Addressing Systematic Non-response Bias with Supervised Fine-Tuning of Large Language Models: A Case Study on German Voting Behaviour
Authors: Tobias Holtdirk, Dennis Assenmacher, Arnim Bleier, Claudia Wagner
This repository contains the code for the paper.
Preprint DOI: 10.31219/osf.io/udz28
A major challenge for survey researchers is dealing with missing data, which restricts the scope of analysis and the reliability of inferences that can be drawn. Recently, researchers have started investigating the potential of Large Language Models (LLMs) to role-play a pre-defined set of "characters" and simulate their survey responses with little or no additional training data and costs. Previous research has mostly focused on zero-shot LLM predictions. However, often other survey responses are at least partially available. This work investigates the viability and robustness of supervised fine-tuning on these responses to simulate systematic and random item-level non-responses in the context of German voting behaviour. Our results show when systematic item non-responses are present, fine-tuned LLMs outperform traditional classification approaches on survey data. Fine-tuned LLMs also seem to be more robust to changes in the set of features that the model can use to make predictions. Finally, we see that fine-tuned LLMs match the performance of traditional classification methods when survey responses are missing completely at random.
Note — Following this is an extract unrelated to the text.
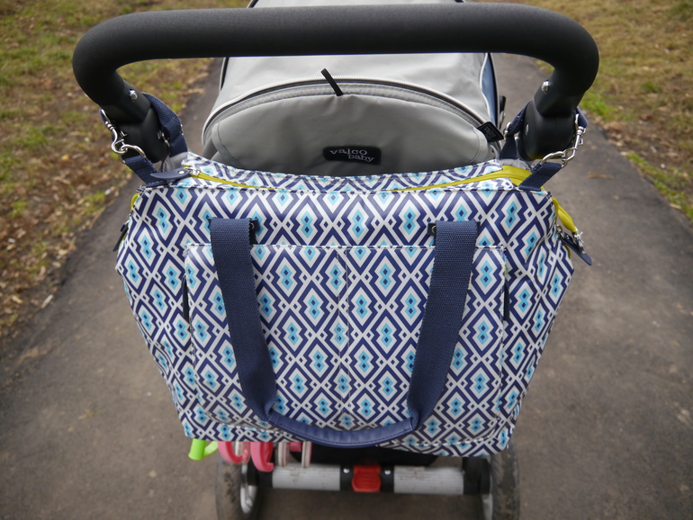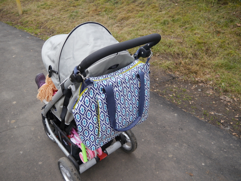 У нас коляска - Valco Baby Zee (моя любимица и на 100% помощница) - вот как сумка крепится к коляске и смотрится.

To setup the environment, install the uv package manager and run:
uv sync
Download the GLES 2017 dataset from GESIS (https://doi.org/10.4232/1.13648) and put it in the datasets
folder.
Run to reproduce the experiments from the paper:
python evaluation/rq1_gles2017_vote_cls.py
python evaluation/rq1_gles2017_vote_cls_no_party_id.py
python evaluation/rq2_gles2017_vote_cls_uni_and_school.py
python evaluation/rq2_gles2017_vote_cls_uni_and_school_no_id.py
python evaluation/rq2_gles2017_vote_cls_party_id_exclusion.py
(add a wandb user and project id to the evaluation scripts for logging)
This work received funding from the German Research Foundation (DFG) under project no. 504226141.